Eks Karyawan Ashanty Jadi Tersangka, Polisi Langsung Lakukan Pemanggilan
"Menetapkan satu orang tersangka dugaan tindak pidana pemalsuan surat dan atau penggelapan dalam jabatan dan atau penggelapan sesuai dengan Pasal 263 KUHP dan atau 374 KUHP dan atau 372 KUHP," kata dia, Jumat, 17 Oktober 2025.
Adapun laporan dibuat Ashanty pada tanggal 31 Mei 2025. Dari hasil penyelidikan lalu naik ke penyidikan, dilakukanlah gelar perkara lalu menetapkan eks karyawan Ashanty itu jadi tersangka.
Sebagai langkah tindak lanjut, kata Wira, pihaknya akan memanggil yang bersangkutan untuk diperiksa sebagai tersangka. Pemeriksan bakal dilakukan di Markas Polres Metro Tangsel.
"Saat ini juga penyidik sedang melakukan pemanggilan tersangka," katanya.
Sebelumnya diberitakan, kisruh antara Ashanty dengan mantan karyawannya, Ayu Chairun Nurisa, yang belakangan santer diberitakan, kini memasuki babak baru. Pihak Ashanty melalui kuasa hukumnya, Indra Tarigan, memberikan klarifikasi tegas mengenai tudingan perampasan aset.
Klarifikasi ini justru mengungkap bahwa Ayu Chairun Nurisa-lah yang lebih dulu terlibat dalam dugaan tindak pidana serius: penggelapan dana perusahaan hingga mencapai Rp2 miliar.

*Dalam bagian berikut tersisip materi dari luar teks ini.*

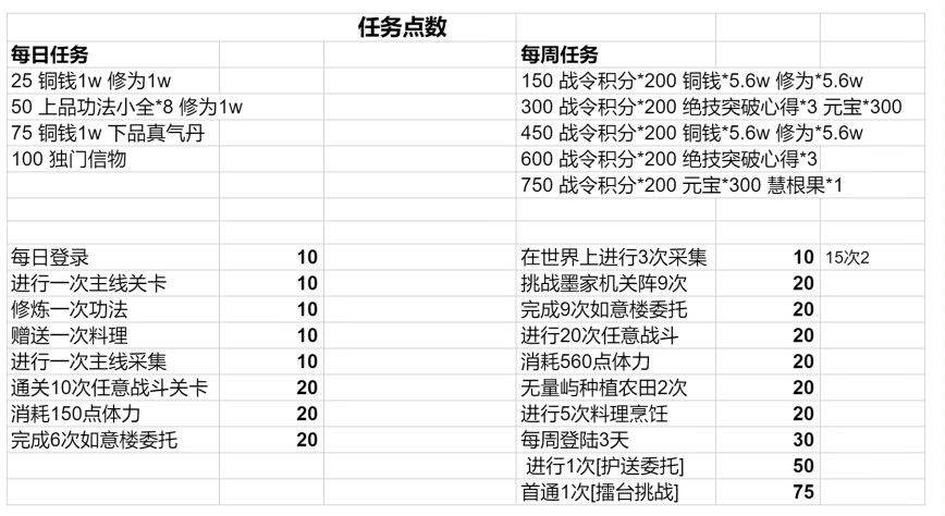 烹饪 炼制 材料 兑换商城 任务 小tip

Polemik ini bermula dari tuduhan Ayu Chairun Nurisa melalui pengacaranya yang menyebut Ashanty serta dua karyawannya melakukan perampasan aset. Mereka menuding Ashanty merampas sejumlah barang pribadi Ayu, meliputi satu unit iPhone 15 Pro, satu laptop Lenovo Ideapad, KTP, ATM BCA, dan nomor rekening. Laporan ini telah dilayangkan ke Polres Tangerang Selatan dan Polres Metro Jakarta Selatan.
Pihak Ashanty mengakui bahwa mereka telah lebih dulu melaporkan Ayu Chairun Nurisa ke Polres Tangerang Selatan terkait kasus penggelapan dana ini. Hal ini dibenarkan pula oleh pengacara Ayu, Stifan Heriyanto, yang menyebut kliennya sudah dilaporkan Ashanty di Polres Tangsel dalam kasus penggelapan dana, meskipun ia bersikeras melaporkan balik Ashanty atas dugaan perampasan aset.